- [Work task]: Retype the data exactly, skipping any picture in it.

- [Information supplied]:
╭──
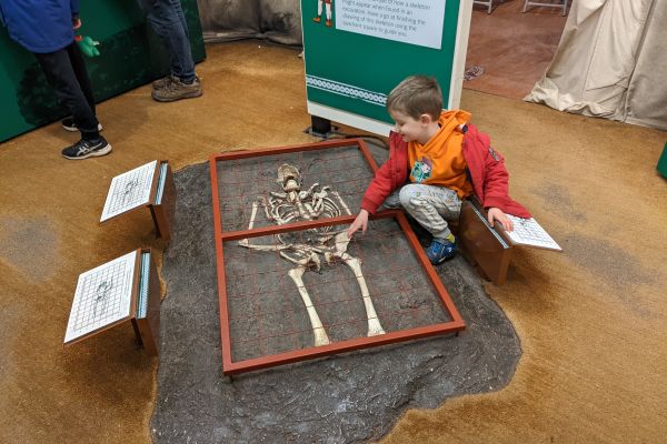 After that you’re taken into the digging area where all sorts of things are buried under the mess free gravel (skeletons, pottery, coins etc) There is a Victorian, Medieval, Viking and Roman pit and the children are given little trowles to get digging with which they absolutely loved. The objects are stuck to the floor so you can’t physically pick them up, but that didn’t matter to them. We went at 3pm and luckily had a small group with only 1 other family so if you can I would book a time slot later in the day to hopefully get a quieter group. All in all we were there for just over an hour.
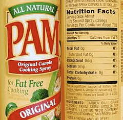 In fact, a 6 ounce can of PAM original cooking spray is primarily made up on canola oil – 170 grams. Each gram of canola oil equals one gram of fat which means there are 170 grams of fat in that 6 ounce can whose label says there is no fat per serving. How do they get away with it? The FDA guidelines say that any food that contains less than a half gram of fat can be called “fat free.” Because the 6 ounce can of spray specifies a serving as a 1/4 second spray or a 1/4 gram serving, the manufacturer – ConAgra Foods – is permitted to label the spray as fat free when, in fact, it isn’t. The bottom line: don’t rely on labels…read the ingredients list.
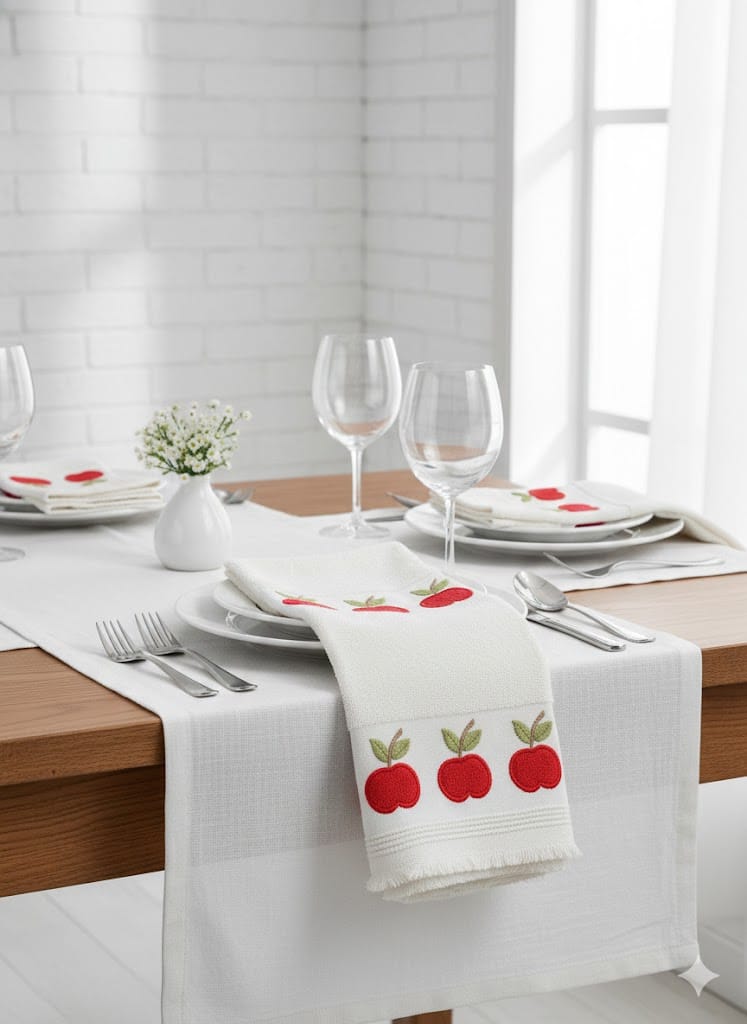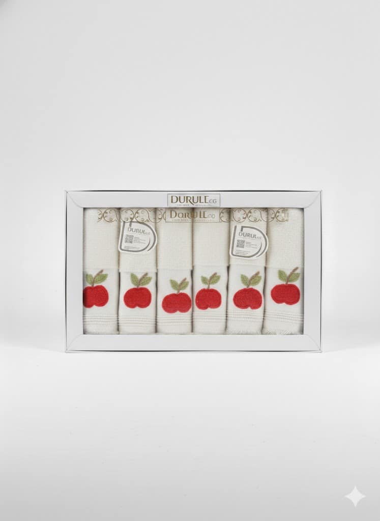 التصميم: تتميز الفوط بتطريزات فواكه جذابة (مثل التفاح الأحمر في الصورة) وكنار شراشيب أنيق، مما يضيف لمسة جمالية ومبهجة
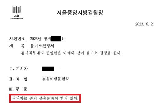 이러한 과정을 거쳐, 결국 저 이재성 변호사는 경찰의 송치 결정을 뒤집어 검찰에서 불기소결정(혐의없음)이라는 최상의 결과를 얻어낼 수 있었습니다. 이로써 의뢰인께서는 경찰 단계에서 자칫 잘못 대응하여 억울하게 전과자가 될 뻔한 상황에서 벗어나 평안한 일상으로 복귀하실 수 있게 되셨습니다.
╰──
- [Your solution]:
 After that you’re taken into the digging area where all sorts of things are buried under the mess free gravel (skeletons, pottery, coins etc) There is a Victorian, Medieval, Viking and Roman pit and the children are given little trowles to get digging with which they absolutely loved. The objects are stuck to the floor so you can’t physically pick them up, but that didn’t matter to them. We went at 3pm and luckily had a small group with only 1 other family so if you can I would book a time slot later in the day to hopefully get a quieter group. All in all we were there for just over an hour.
 In fact, a 6 ounce can of PAM original cooking spray is primarily made up on canola oil – 170 grams. Each gram of canola oil equals one gram of fat which means there are 170 grams of fat in that 6 ounce can whose label says there is no fat per serving. How do they get away with it? The FDA guidelines say that any food that contains less than a half gram of fat can be called “fat free.” Because the 6 ounce can of spray specifies a serving as a 1/4 second spray or a 1/4 gram serving, the manufacturer – ConAgra Foods – is permitted to label the spray as fat free when, in fact, it isn’t. The bottom line: don’t rely on labels…read the ingredients list.
 التصميم: تتميز الفوط بتطريزات فواكه جذابة (مثل التفاح الأحمر في الصورة) وكنار شراشيب أنيق، مما يضيف لمسة جمالية ومبهجة
 이러한 과정을 거쳐, 결국 저 이재성 변호사는 경찰의 송치 결정을 뒤집어 검찰에서 불기소결정(혐의없음)이라는 최상의 결과를 얻어낼 수 있었습니다. 이로써 의뢰인께서는 경찰 단계에서 자칫 잘못 대응하여 억울하게 전과자가 될 뻔한 상황에서 벗어나 평안한 일상으로 복귀하실 수 있게 되셨습니다.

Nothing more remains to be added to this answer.